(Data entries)
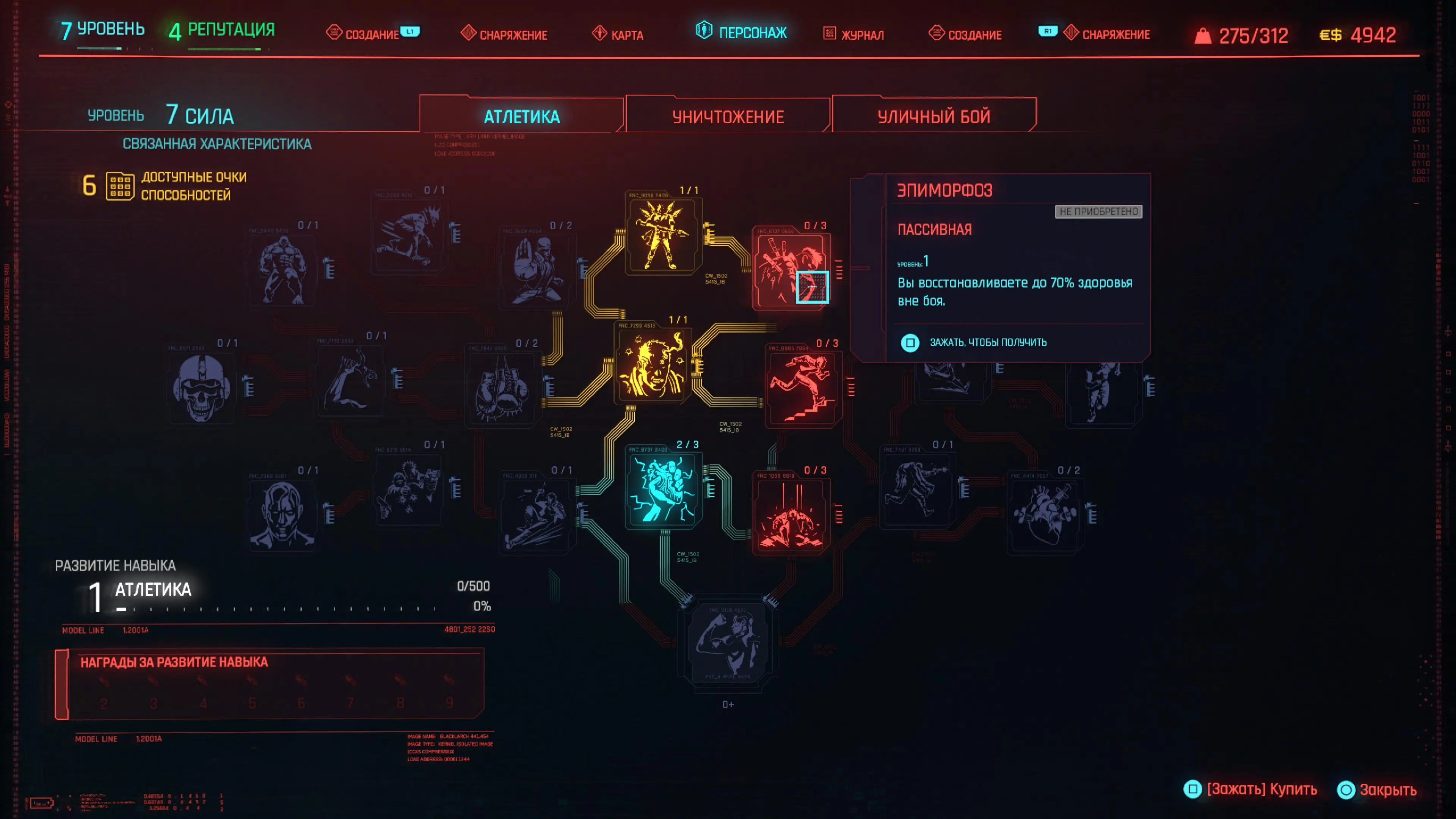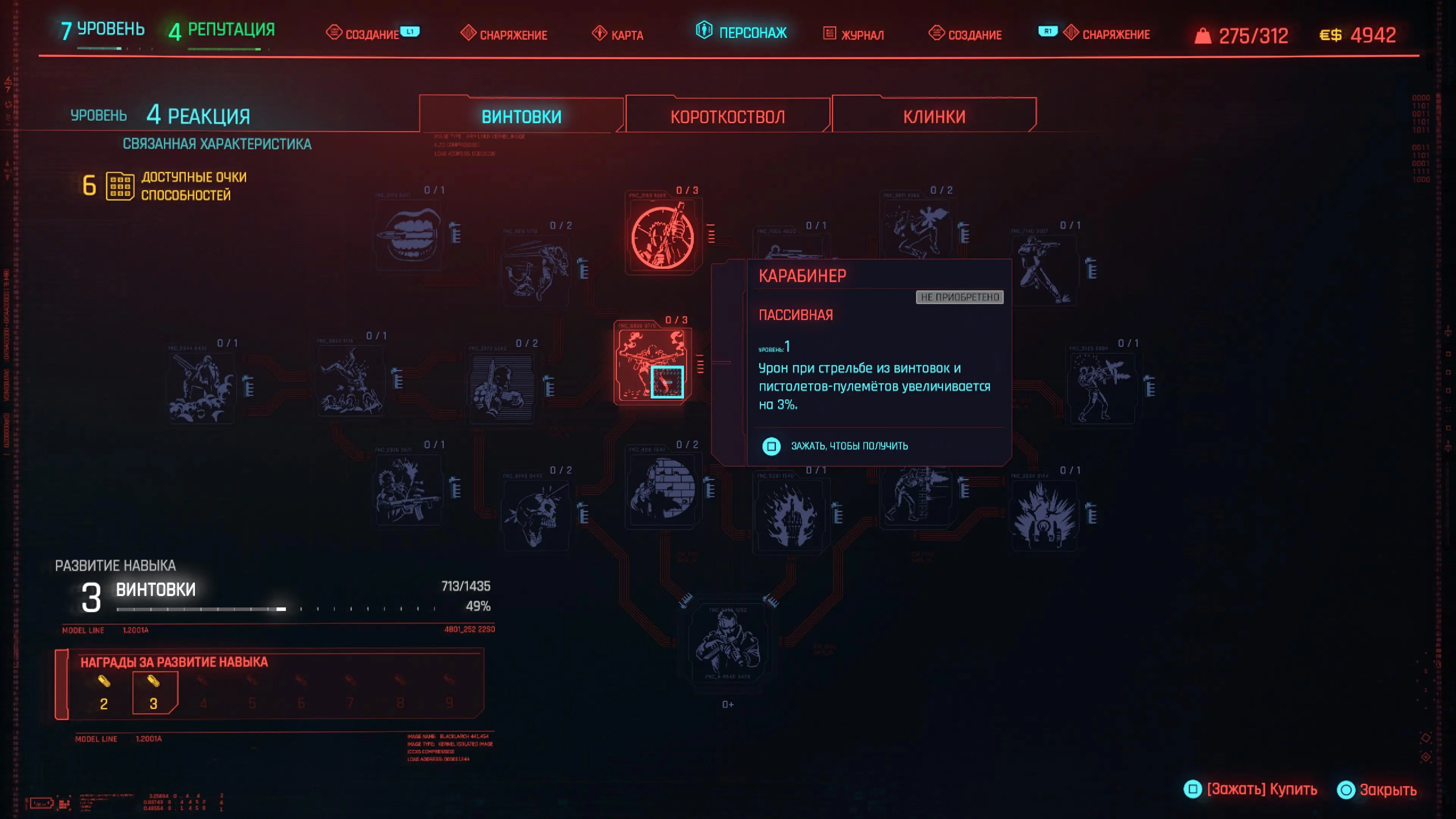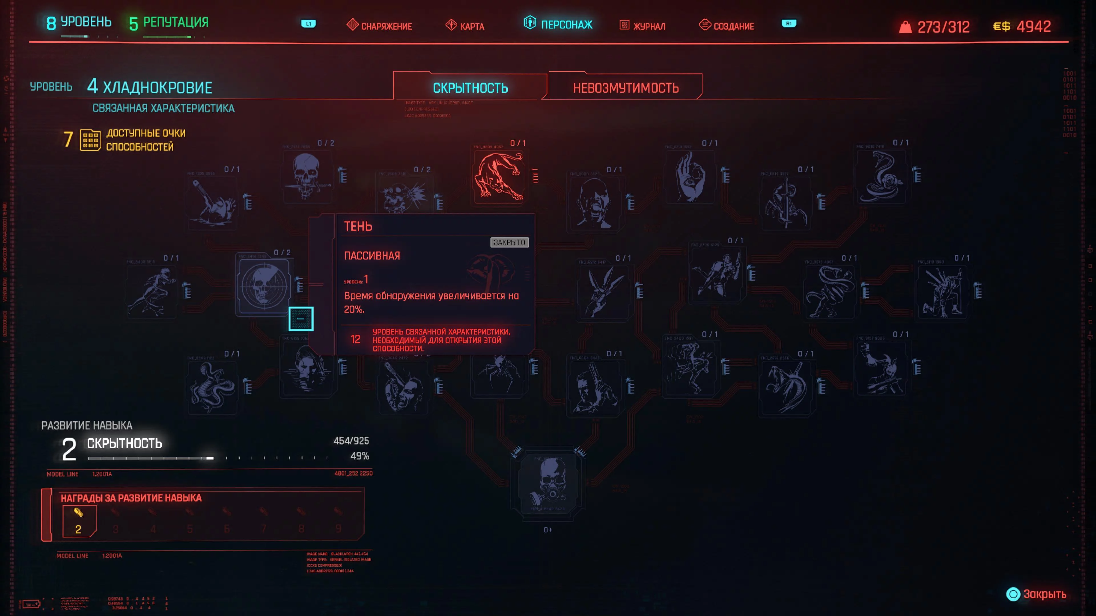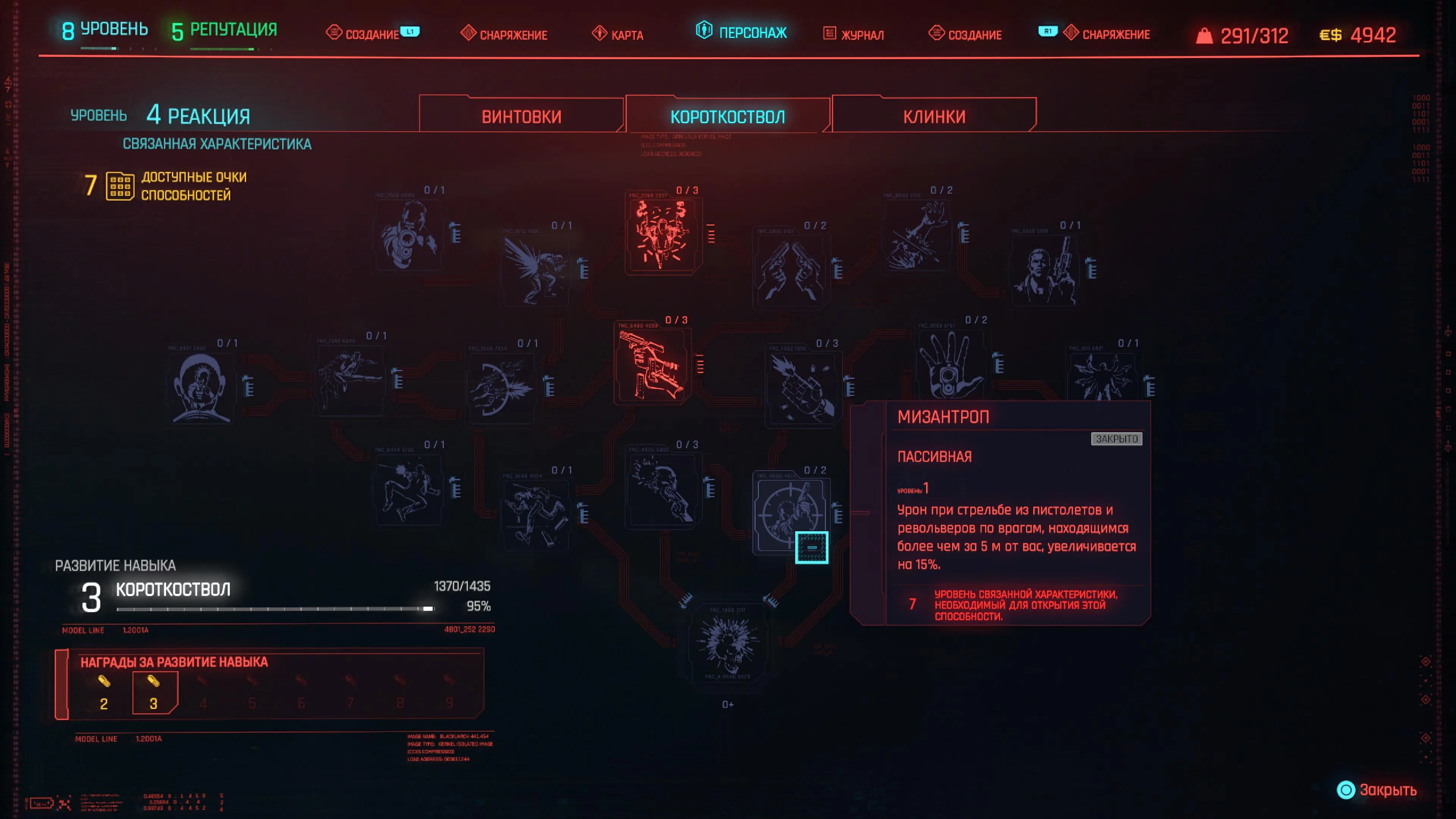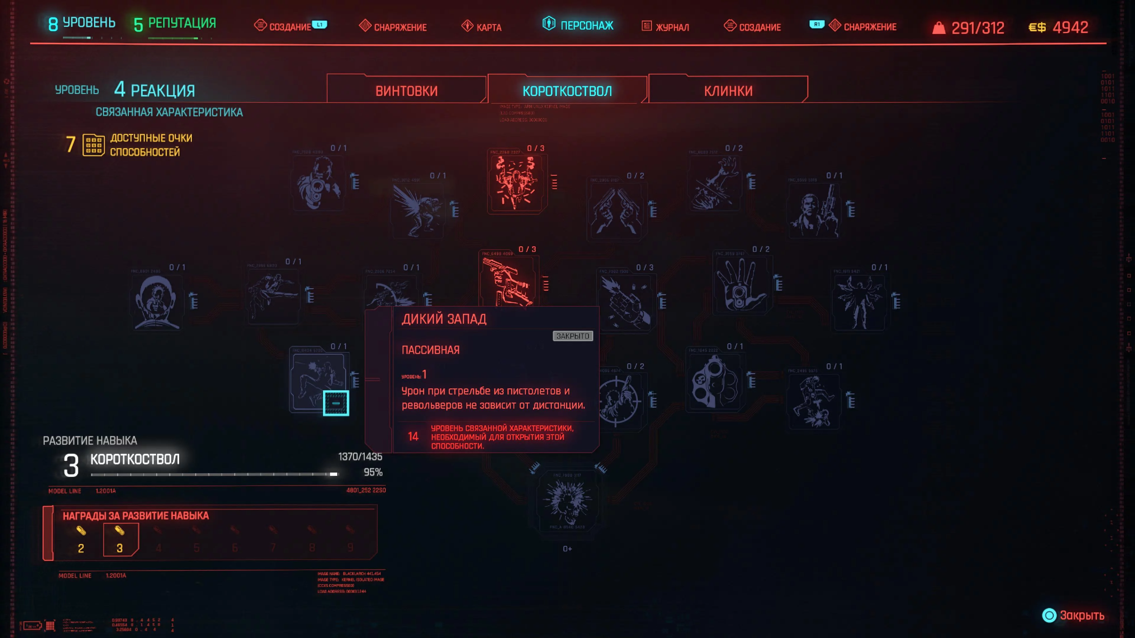 Реакцию и силу прокачиваем равномерно. Это потому, что от них нам нужны пассивные эффекты, которые не только помогут выжить, но и улучшат урон. Хладнокровие оставляем напоследок, потому что здесь нужны серьезные вложения очков, чтобы заметить большую разницу.
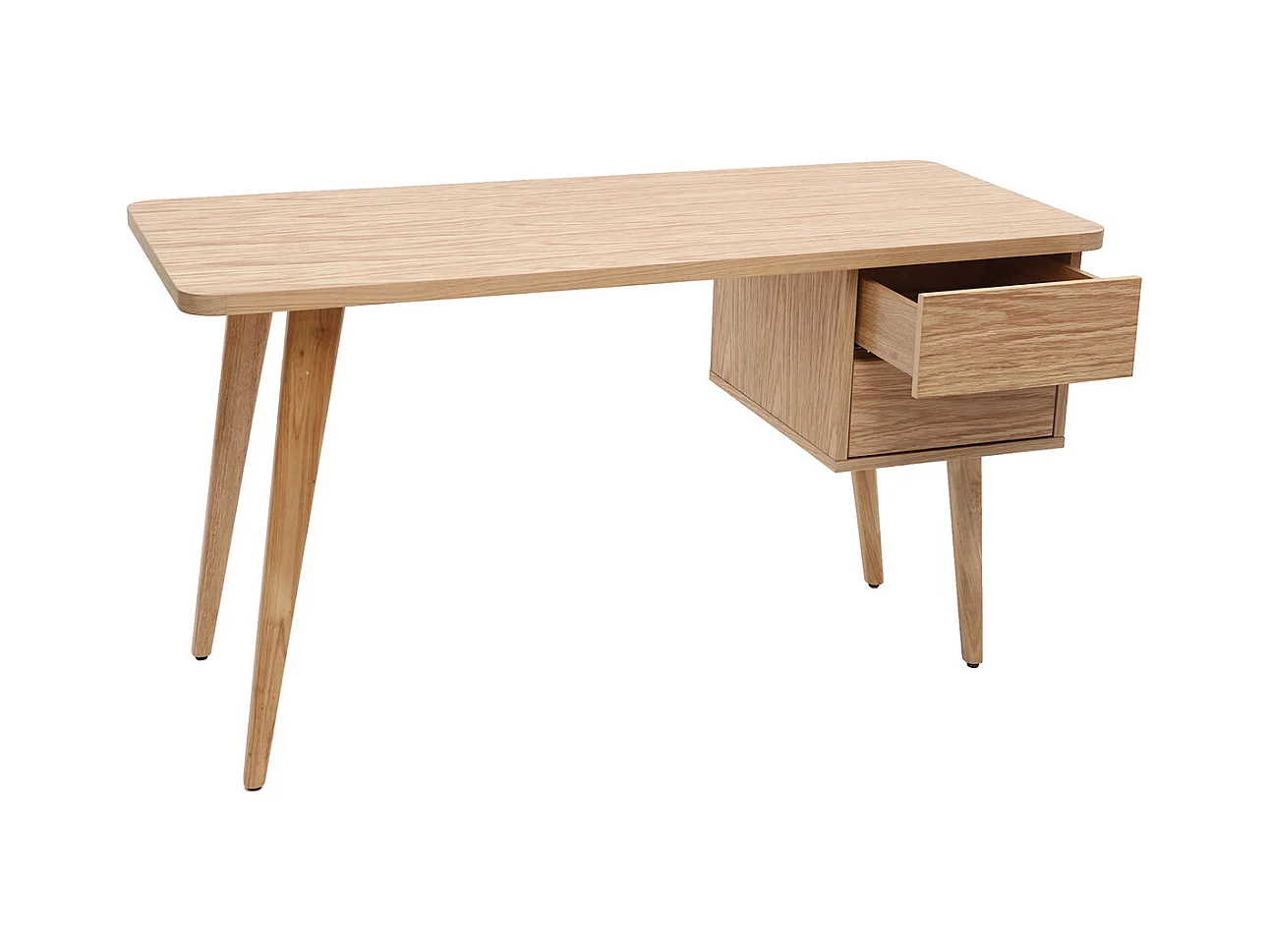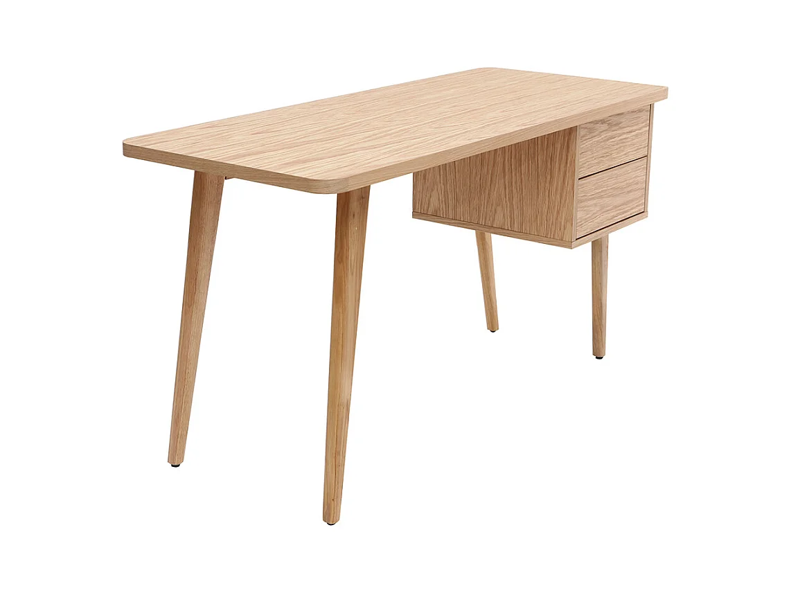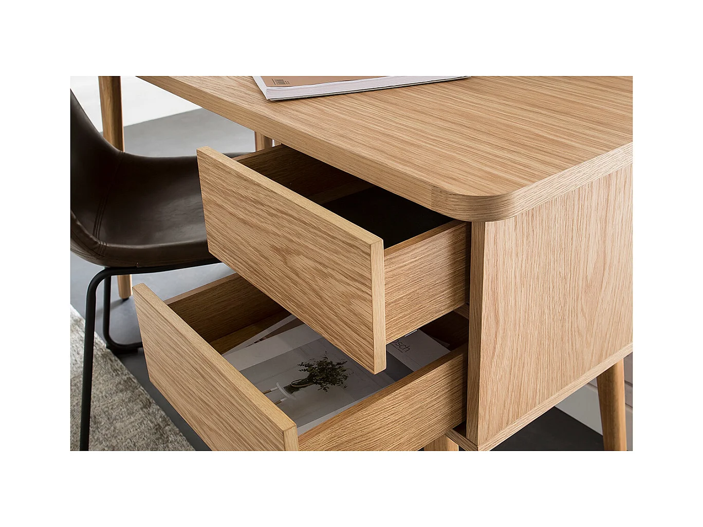 Bureau avec rangements 2 tiroirs scandinave bois clair chêne L140 cm FIFTIES
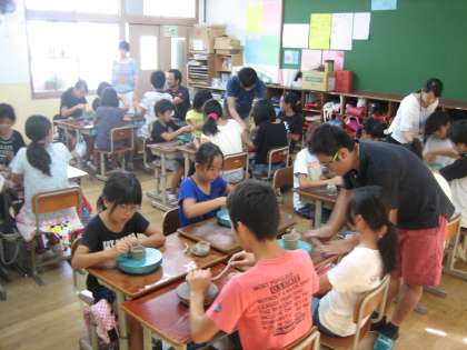 3・4校時は6年生が陶芸体験をしました。
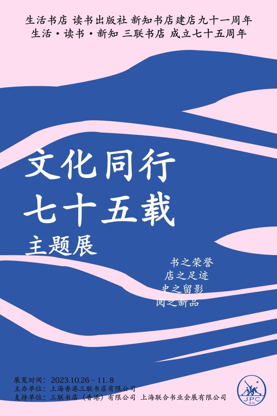 今年是生活书店、读书出版社、新知书店建店91周年暨生活·读书·新知三联书店成立75周年,由上海香港三联书店有限公司主办,三联书店(香港)有限公司、上海联合书业会展有限公司支持的“文化同行七十五载”主题展10月26日起在淮海中路624号上海香港三联书店举办。展览通过“书之荣誉”“店之足迹”“史之留影”“阅之新品”等四个篇章回望过去、致敬前辈、阅读生活。
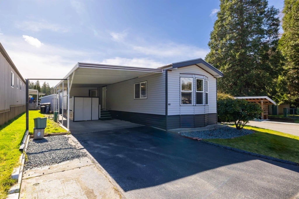 Welcome to DEER CREEK ESTATES, a desirable adult-oriented community surrounded by nature. This completely renovated 2 bed, 2 bath offers 936sqft of bright living space with vaulted ceilings & large windows that bring in natural light. Updates from top to bottom include NEW gyprock walls & exterior siding with new vinyl floors throughout, along with all new bathroom fixtures & equipped w/ AC. The renovated kitchen includes custom built-ins for storage, ample counter space, and a separate dining area perfect for entertaining. The spacious primary suite includes a large closet and a private en-suite. There's convenience of a parking pad plus covered parking, a connected WORKSHOP, private patio, and an additional shed for extra storage options. Move-in ready & ideal for downsizers!
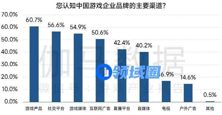 传播品牌主要考量中国游戏产业在不同渠道的品牌影响力状况,并观测中国游戏产业品牌的建设渠道与成果。根据伽马数据调研显示,除游戏产品外,社交平台、游戏媒体、互联网广告等均成为了用户认知中国游戏企业品牌的渠道。用户认知企业品牌维度呈现多元化特征,借助于这一特征,游戏企业也强化了在多个平台上的品牌建设,除注册官方微博号、公众号外,还与用户展开深度的线上、线下互动。
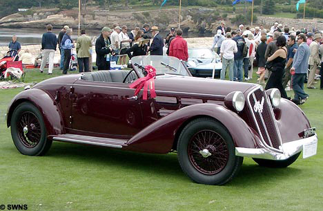 這輛舉世無雙的兩座跑車是阿爾法·羅密歐當年作為禮物送給墨索里尼的,因為在“大蕭條”時期,墨索里尼曾對轎車生產業做出過一定貢獻——出面干涉使生產商從瀕臨倒閉的境地“起死回生”。墨索里尼后來將這輛跑車的發動機功率由原來的68馬力改進到95馬力。
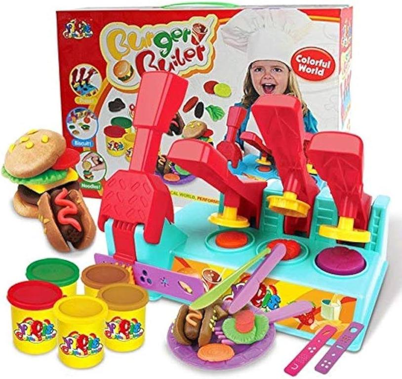 No batteries required. 100% Safe and Non Toxic Clay. A unique DIY Play set for kids. Kids will have unlimited with with this great Clay Set. Let your children indulge in some creative activities. It is one of the unique DIY play set. Grab soon.Make beautiful looking Burger Fast Food with Clay. Just load the clay in vending machine and create your own favorite Burger Fast Food
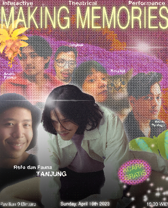 Bersama alunan lagu bernuansa psychedelic pop dan alternative rock dari TANJUNG dan iringan musik yang catchy dan absurd dari Refo dan Fauna, pertunjukan musik teater interaktif ‘Making Memories’ siap mendobrak batas-batas yang biasa ditemukan dalam penampilan musik dan seni teater. Masih menyajikan plot yang sama dengan cerita komik berseri yang diterbitkan di media sosial TANJUNG selama masa promosi ‘Making Memories’, Refo dan Fauna dan TANJUNG akan ‘berduet’ sebagai co-directors mengimplementasikan cerita tersebut menjadi sebuah lakon. Turut dimeriahkan oleh Rendy Pandugo, Rasyiqa, Andre Panaga, dan Jangbok, dengan gaya ringan dan segar, sungguh sangat sayang untuk dilewatkan!
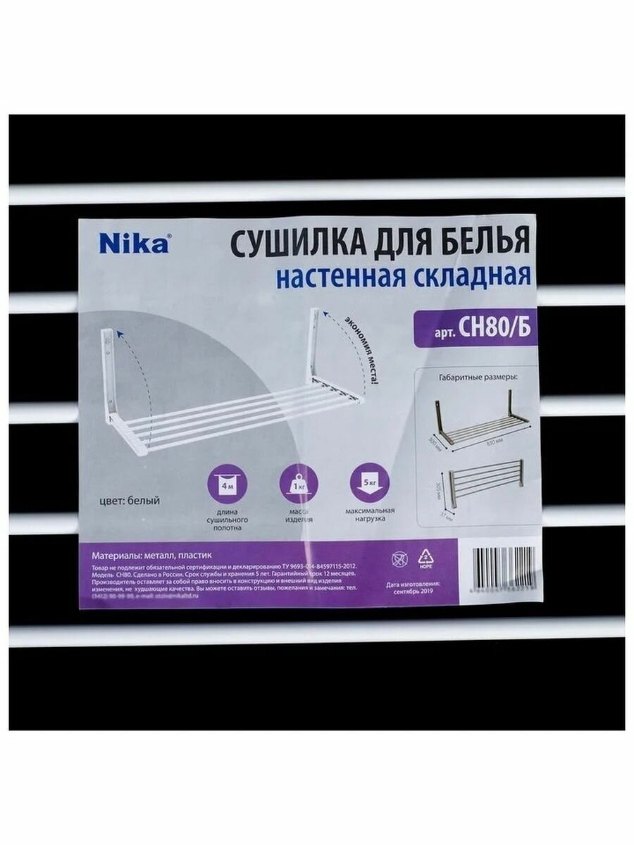 Компактная складная настенная сушилка для белья. Идеальный вариант для небольших помещений. Сушилка выполнена из качественных высокопрочных материалов. Подходит для размещения в ванной комнате и на балконе. Максимальная нагрузка - до 5 кг
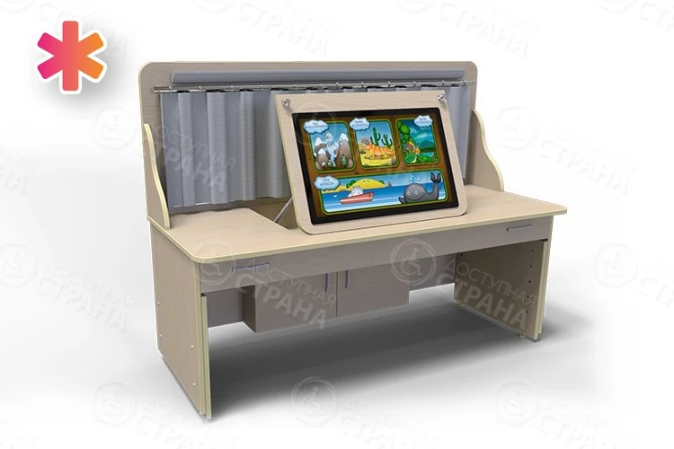За счет регулировки высоты стол подходит для работы с детьми от 3 до 14 лет с нормальным развитием или с ОВЗ, ОНР. Его корпус выполнен из ламинированной ДСП, которая безопасна для малышей, так как не выделяет токсичных веществ. Комплекс оборудован зеркалом размером 1180х390 мм и двумя занавесами для него.

**PROBLEM DESCRIPTION:** Although the records above contain pictures, the copy should not; retype exactly the lines from the one containing "今年是生活书店、读书出版社、" through the one containing "No batteries required.".

**COMPLETED EXERCISE:**
 今年是生活书店、读书出版社、新知书店建店91周年暨生活·读书·新知三联书店成立75周年,由上海香港三联书店有限公司主办,三联书店(香港)有限公司、上海联合书业会展有限公司支持的“文化同行七十五载”主题展10月26日起在淮海中路624号上海香港三联书店举办。展览通过“书之荣誉”“店之足迹”“史之留影”“阅之新品”等四个篇章回望过去、致敬前辈、阅读生活。
 Welcome to DEER CREEK ESTATES, a desirable adult-oriented community surrounded by nature. This completely renovated 2 bed, 2 bath offers 936sqft of bright living space with vaulted ceilings & large windows that bring in natural light. Updates from top to bottom include NEW gyprock walls & exterior siding with new vinyl floors throughout, along with all new bathroom fixtures & equipped w/ AC. The renovated kitchen includes custom built-ins for storage, ample counter space, and a separate dining area perfect for entertaining. The spacious primary suite includes a large closet and a private en-suite. There's convenience of a parking pad plus covered parking, a connected WORKSHOP, private patio, and an additional shed for extra storage options. Move-in ready & ideal for downsizers!
 传播品牌主要考量中国游戏产业在不同渠道的品牌影响力状况,并观测中国游戏产业品牌的建设渠道与成果。根据伽马数据调研显示,除游戏产品外,社交平台、游戏媒体、互联网广告等均成为了用户认知中国游戏企业品牌的渠道。用户认知企业品牌维度呈现多元化特征,借助于这一特征,游戏企业也强化了在多个平台上的品牌建设,除注册官方微博号、公众号外,还与用户展开深度的线上、线下互动。
 這輛舉世無雙的兩座跑車是阿爾法·羅密歐當年作為禮物送給墨索里尼的,因為在“大蕭條”時期,墨索里尼曾對轎車生產業做出過一定貢獻——出面干涉使生產商從瀕臨倒閉的境地“起死回生”。墨索里尼后來將這輛跑車的發動機功率由原來的68馬力改進到95馬力。
 No batteries required. 100% Safe and Non Toxic Clay. A unique DIY Play set for kids. Kids will have unlimited with with this great Clay Set. Let your children indulge in some creative activities. It is one of the unique DIY play set. Grab soon.Make beautiful looking Burger Fast Food with Clay. Just load the clay in vending machine and create your own favorite Burger Fast Food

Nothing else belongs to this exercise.